Book Synopsis Born on Third Base by : Chuck Collins
Download or read book Born on Third Base written by Chuck Collins and published by Chelsea Green Publishing. This book was released on 2016 with total page 290 pages. Available in PDF, EPUB and Kindle. Book excerpt: "With the heart of an agitator and the soul of a storyteller, inequality expert Chuck Collins upends our assumptions about America's deep wealth divide - one that, for the first time in recent history, locks the nation's youth into a future defined by their class and wealth at birth; limits our ability to address crises like climate change; and creates a world that no one, not even the rich, will ultimately want to live in.

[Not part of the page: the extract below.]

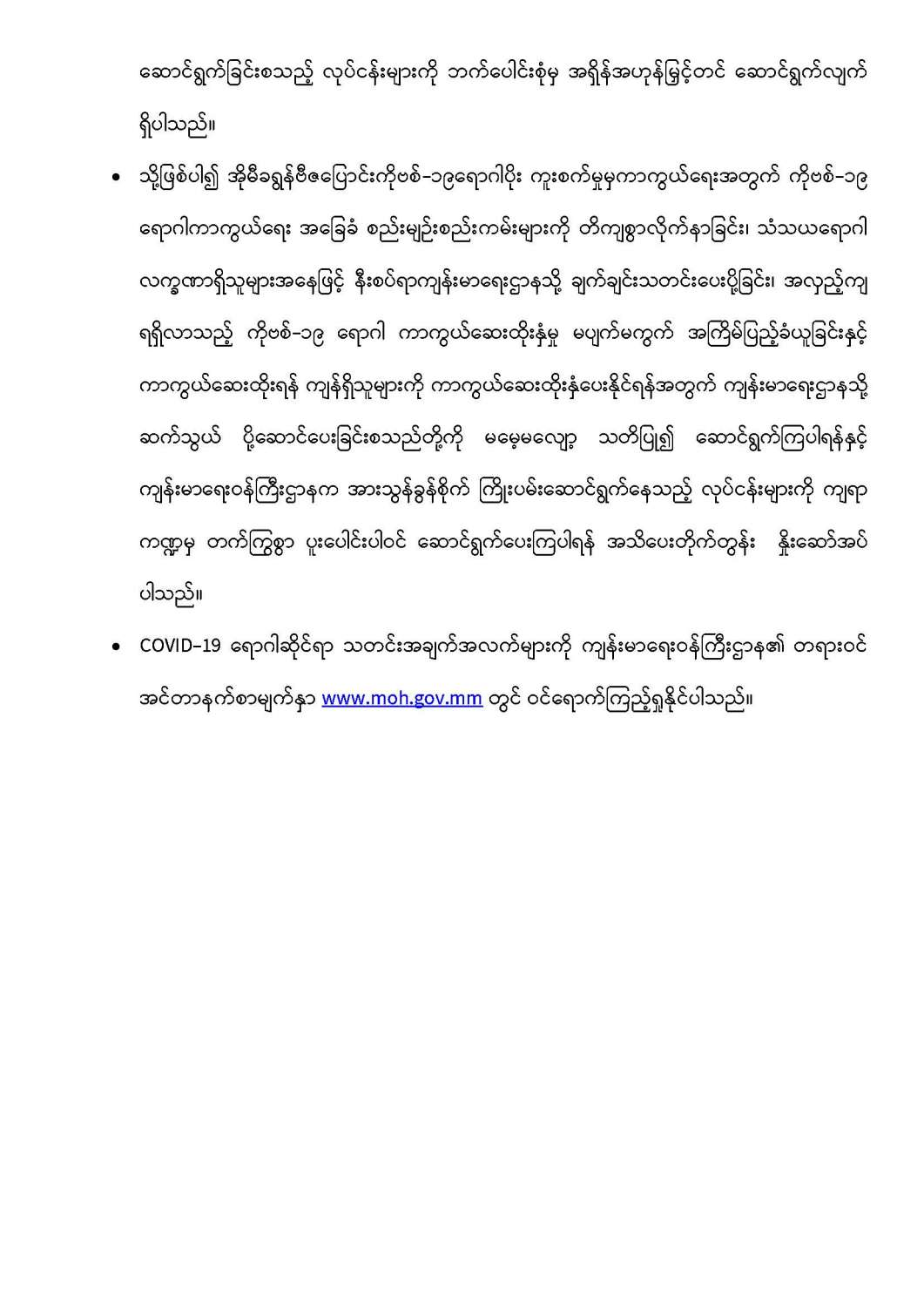 ကျန်းမာရေးဝန်ကြီးဌာနအနေဖြင့် နိုင်ငံအတွင်း ကူးစက်ဖြစ်ပွားနေသော COVID-19 ရောဂါ ကာကွယ်၊ ကုသ၊ ထိန်းချုပ်ရေးလုပ်ငန်းများကို အရှိန်အဟုန်မြှင့် ဆောင်ရွက်လျက်ရှိပါသည်။

In [this book], Collins calls for an end to class war, busts the myths that define our views of rich and poor, and offers bold new solutions for bridging the economic divide and re-engaging the wealthy in rebuilding communities for a resilient future."--
Book Synopsis One Life at a Time by : R. Thomas Collins
Download or read book One Life at a Time written by R. Thomas Collins and published by RavensYard Publishing, Ltd.. This book was released on 1999 with total page 268 pages. Available in PDF, EPUB and Kindle. Book excerpt: One Life at a Time is a chronicle of the ancestors of the author's children as they arrived in the New World, what propelled them from Britain, Ireland and Korea, and what happened to them and their descendants once they took root in America -- one life at a time. This crisp narrative focuses on the history and development of New England and its people while illuminating episodes of the American experience spanning more than three centuries as lived by ordinary people forging a New World
Book Synopsis Genealogies in the Library of Congress by : Marion J. Kaminkow
Download or read book Genealogies in the Library of Congress written by Marion J. Kaminkow and published by Genealogical Publishing Com. This book was released on 2012-09 with total page 882 pages. Available in PDF, EPUB and Kindle. Book excerpt: This ten-year supplement lists 10,000 titles acquired by the Library of Congress since 1976--this extraordinary number reflecting the phenomenal growth of interest in genealogy since the publication of Roots. An index of secondary names contains about 8,500 entries, and a geographical index lists family locations when mentioned.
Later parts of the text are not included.